**What this task involves:** Reproduce exactly the lines below, starting at the line that contains "Kamar mandi dengan" and ending with the last line of the records, both included; leave out any pictures.

**Data provided:**

----------------------------------------

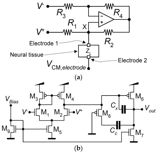 Figure 4a shows the schematic of the current pump that implements the neurostimulator. The neurostimulator is composed of an operational amplifier and four resistors {R1, R2, R3, R4}, all fully implemented using the mask layers of the TSMC 65 nm CMOS process. Figure 4b presents the schematic of the operational amplifier used by the current pump. Table 2 lists the dimensions of the MOSFETs, the values of the operational amplifier’s internal capacitances, Cc and Cx, and the values of the current-pump’s resistors.
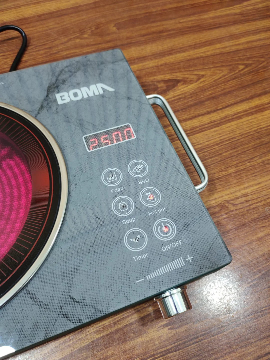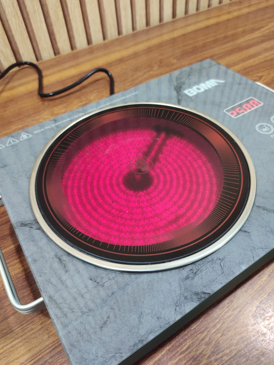 - when infrared cooker switch-on regime, heating element in cooker can supply 500″c—600″c high temperature in seconds
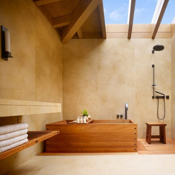 Kamar mandi dengan desain yang terbuka dengan atap transparan yang cantik.
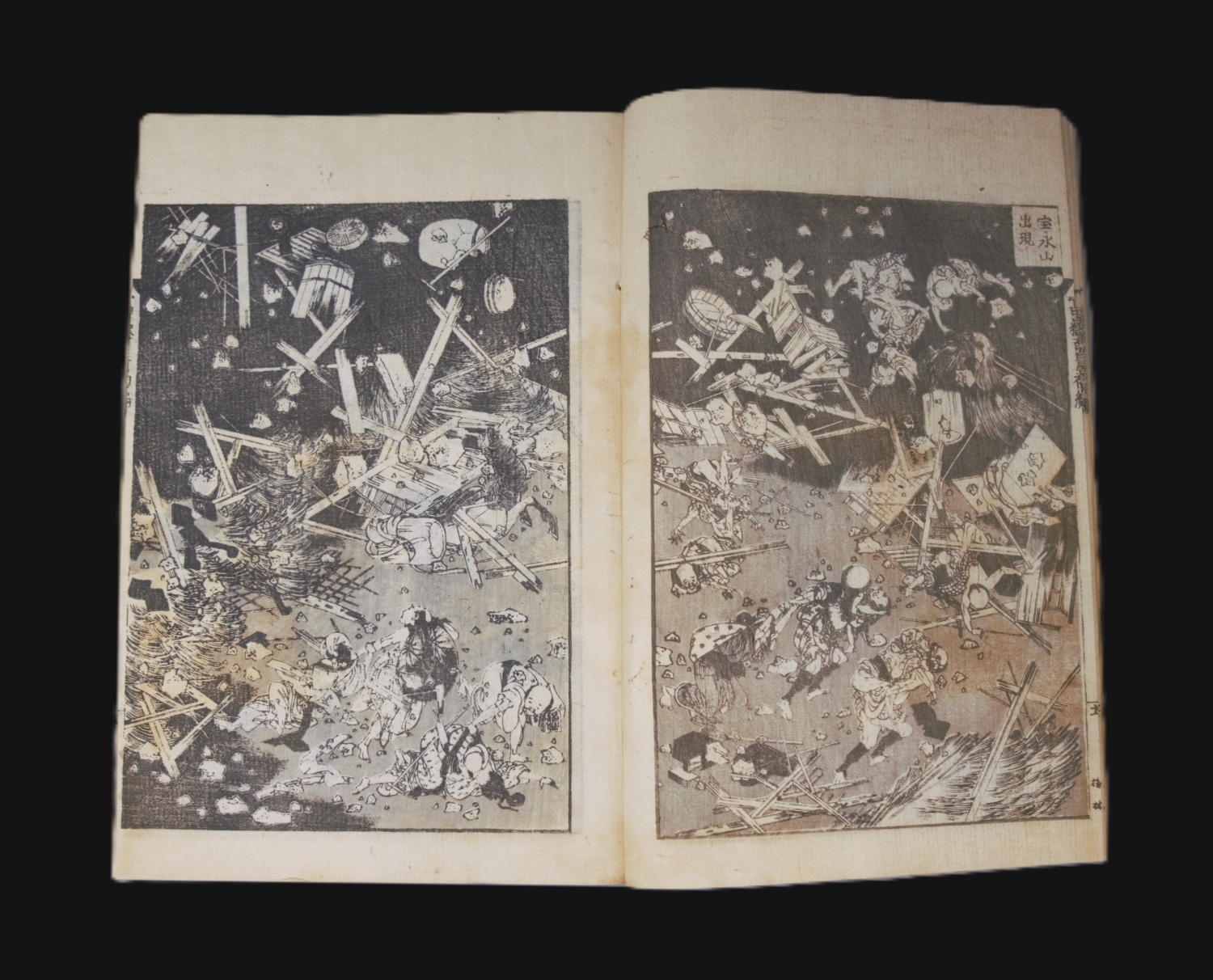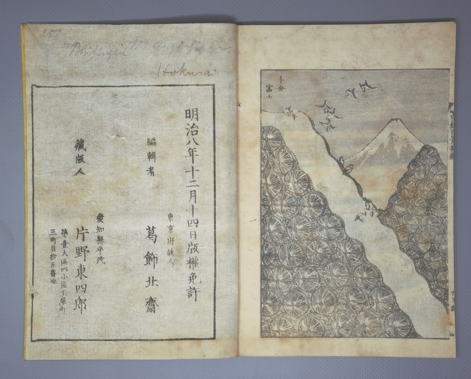 (1760-1849)Fugaku hyakkei (japonice: 100 Ansichten des Berges Fuji). 3 Blockbücher
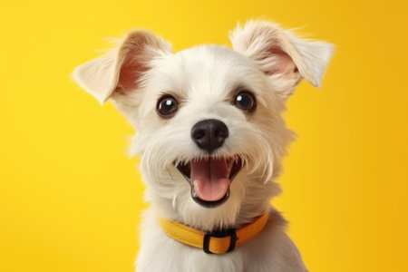 cute happy dog on yellow background, AI Generated

----------------------------------------

**Written solution:**
 Kamar mandi dengan desain yang terbuka dengan atap transparan yang cantik.
 (1760-1849)Fugaku hyakkei (japonice: 100 Ansichten des Berges Fuji). 3 Blockbücher
 cute happy dog on yellow background, AI Generated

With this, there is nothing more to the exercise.